Мы застали Липпанченко в то мгновение, когда он задумчиво созерцал, как черное от часов ползло с шелестением пятно таракана; они водились на дачке: огромные, черные; и водились в обилии, – в таком несносном обилии, что, несмотря на свет лампы, – и в углу шелестело, и из щели буфета по временам вытарчивал усик.
От созерцания ползущего таракана был оторван Липпанченко плаксивыми причитаньями своей спутницы жизни.
Чайный поднос от себя отодвинула Зоя Захаровна с шумом, так что Липпанченко вздрогнул.
– «Ну?… И что же такое?… И отчего же такое?»
– «Что такое?»
– «Неужели верная женщина, сорокалетняя женщина, вам отдавшая жизнь, – женщина, такая, как я…»
И локтями упала на стол: один локоть был прорван, а в прорыве виднелась старая, поблекшая кожа и на ней расчесанный, вероятно, блошиный укус [369].
– «Что такое вы там лепечете, матушка: говорите яснее…»
– «Неужели женщина, такая, как я, не имеет права спросить?… Старая женщина» – и ладонями позакрывала лицо она: выдавался лишь нос да два черных топорщились глаза.

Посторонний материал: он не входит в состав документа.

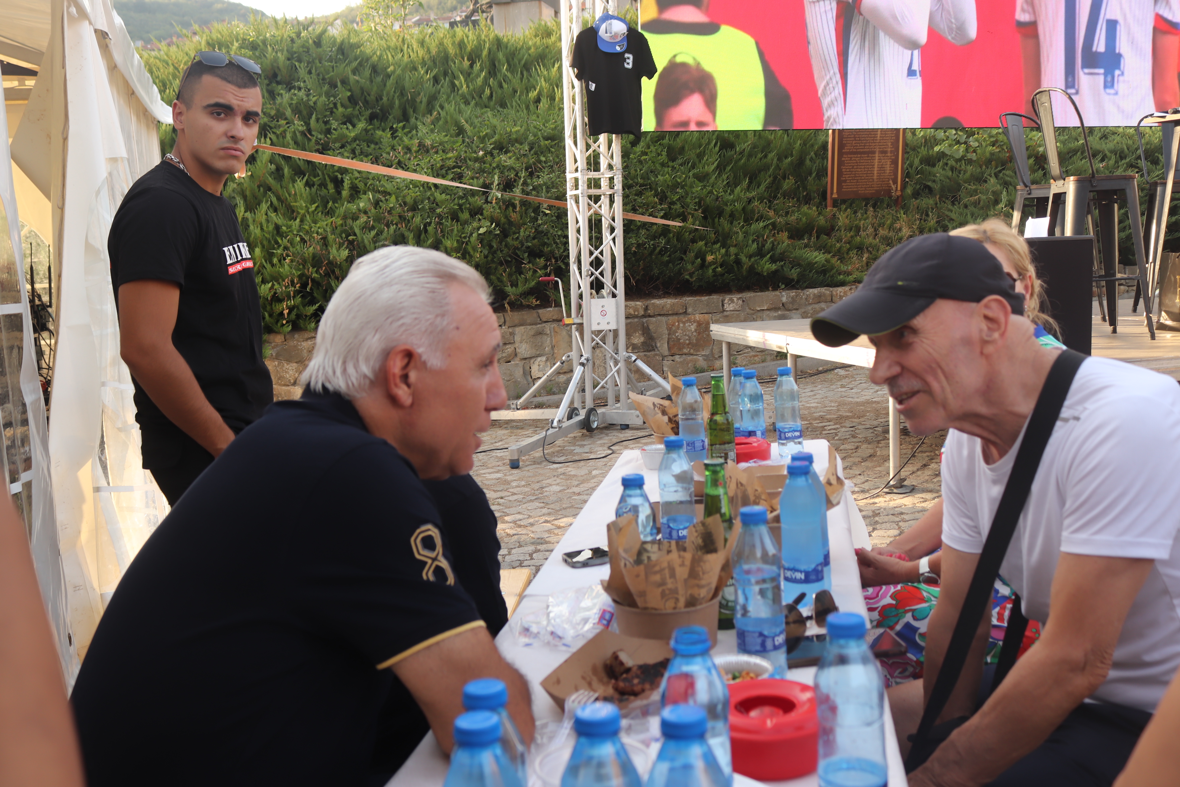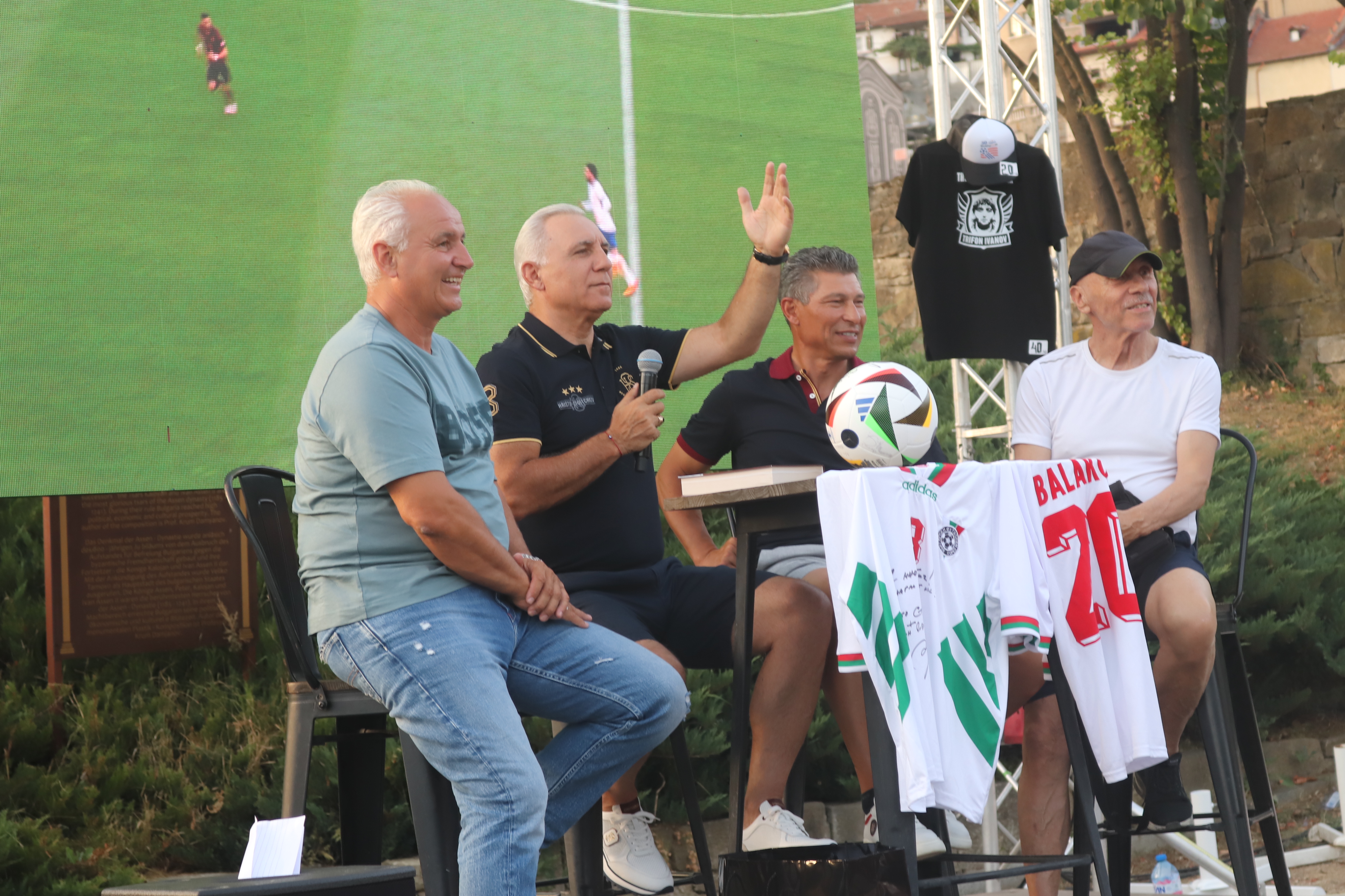 Стотици футболни запалянковци посрещнаха звездите Стоичков, Балъков и Генчев. По-късно към тях се присъедини и не по-малко легендарния треньор Георги Василев. Тримата звездни футболисти не скриха вълнението си, когато стана дума за колегата им Трифчо, както те го наричали помежду си. „Идеята за издигане на паметник на Трифон Иванов е една прекрасна инициатива. Нашето приятелство с него беше още от 80-те години и беше много силно. Когато дойде в София, Трифон каза, че идва да стане шампион на България. И още на следващата година стана. Беше много сърцат, винаги усмихнат и готов винаги да помогне. Семействата ни бяха приятелски, децата ни пораснаха заедно. А след това бяхме двамата и в Испания. За съжаление Трифчо ни напусна много млад. Но той е винаги с нас. И днес ние трябва да му отдадем дължимото“, каза видимо силно развълнуван Камата. „Той беше истински мъжкар и брутално добър футболист, железен защитник. Трифка, ти си не само в нашите сърца. Ти ще останеш завинаги в историята на европейския и на световния футбол“, сподели Бончо Генчев. „С Трифчо минаха младежки ми години. Единственото, което можем да направим за него сега е да не го забравяме. Той трябва да остане идол за нашите млади таланти. Нека бъдем съпричастни в реализирането на това хубаво и трогателно дело“, сподели Красимир Балъков. Към тримата се присъедини и треньорът Георги Василев. „Вие тримата и Трифон бяхте съпричастни към най-великото постижение на българския футбол. Аз също бях съпричастен към вашите успехи. Тъгуваме за нашия велик футболист Трифон Иванов, но аз съм сигурен, че сега той ни гледа отгоре“, каза Гочето.
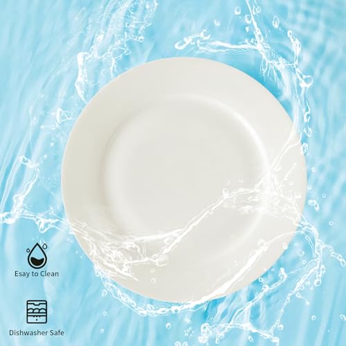 - أطباق العشاء - لون أبيض نقي مع تصميم مسطح أساسي ولمسة نهائية ناعمة أنيقة تناسب جميع أنواع الديكور في مطبخك، ومناسبة لأي مناسبة، سواء كانت كاجوال أو رسمية.
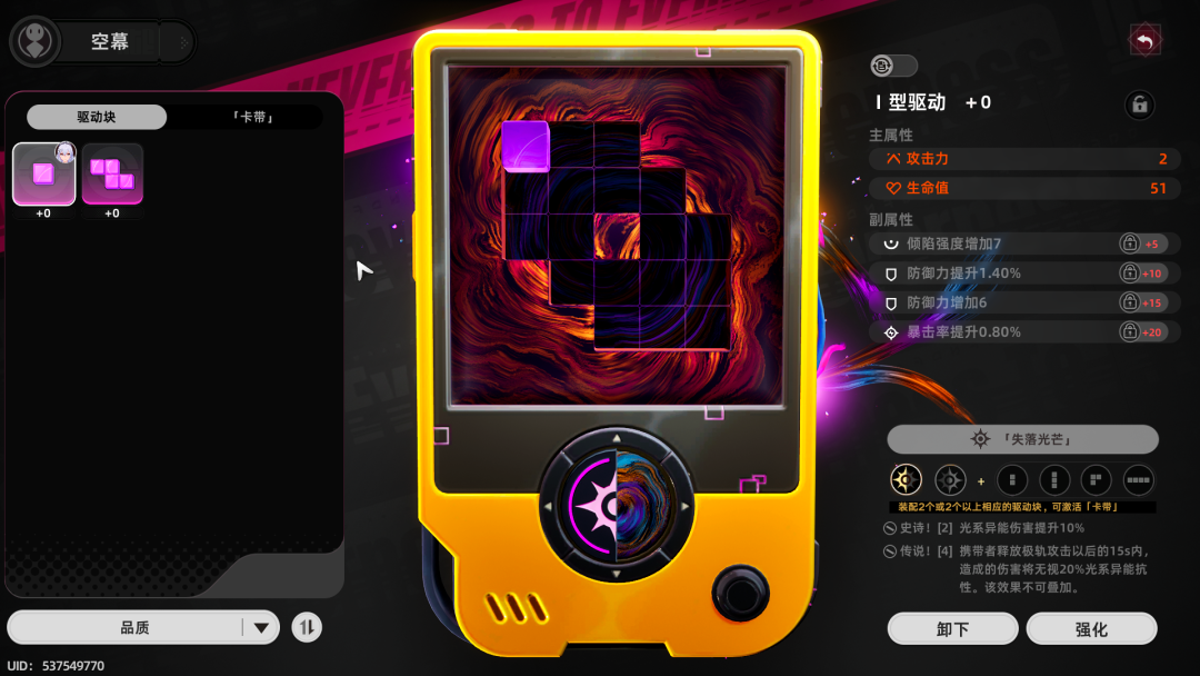 虽然还是老一套养成,例如圣遗物分为了“驱动块”,“卡带”两种类型,其中“驱动块”类似《重返未来1999》中的“共鸣”,需要玩家将形状各异的“驱动块”填满空幕,而“卡带”则类似于《崩坏:星穹铁道》的“内圈遗器”。但在一些细节上还是有所差异,例如玩家获得“驱动块”、“卡带”时,即可显示隐藏词条,大大节省了玩家养成成本。

Липпанченко повернулся на кресле.
Видимо, слова ее позадели его; на мгновение выступило на лице подобие гнетущего угрызения; он не то с вялой робостью, а не то просто с детским капризом поморгал двумя глазками; видимо, он хотел что-то высказать; и видимо, – высказать он боялся; что-то такое он теперь медленно соображал, – уж не то ли, как в душе его спутницы отозвалось бы страшное признание это; голова Липпанченки опустилась; он сопел и глядел исподлобья. Но позыв к правдивости оборвался; и самая правдивость упала в глухое душевное дно. Он принялся за пасианс:
– «Гм: да, да… На шестерку пятерку… Где дама?… Тут дама… И – заложен валет…»
Вдруг он бросил на Зою Захаровну испытующий, подозревающий взгляд, и его короткие пальцы с золотистою шерстью перенесли стопочку карт: от стопочки карт – к другой стопочке карт.
– «Ну, – и выдался пасиансик…» – продолжал он сердито раскладывать ряды карт.
Начисто протертую чашку Зоя Захаровна бережно понесла к этажерке, припадая на туфли.
– «Ну?… И отчего же сердиться?»
Теперь, припадая на туфли, она заходила по комнате; раздавалось пришлепыванье (тараканий ус спрятался в буфетную щель).
– «Да я, матушка, не сержусь», – и опять испытующий взгляд бросил он на нее: сложив руки на животе и выпячивая корсетом нестянутый и почтенный живот, на ходу она трепетала отвисающим подбородком; и тихонько к нему подошла, и тихонько тронула за плечо:
– «Вы спросили бы лучше, почему я вас спрашиваю?… Потому что все спрашивают… Пожимают плечами… Так уж думаю я», – навалилась на кресло она и животом, и грудями, – «лучше мне все узнать»…
Но Липпанченко, закусивши губу, с беспокойною деловитостью ряд за рядом раскладывал карты.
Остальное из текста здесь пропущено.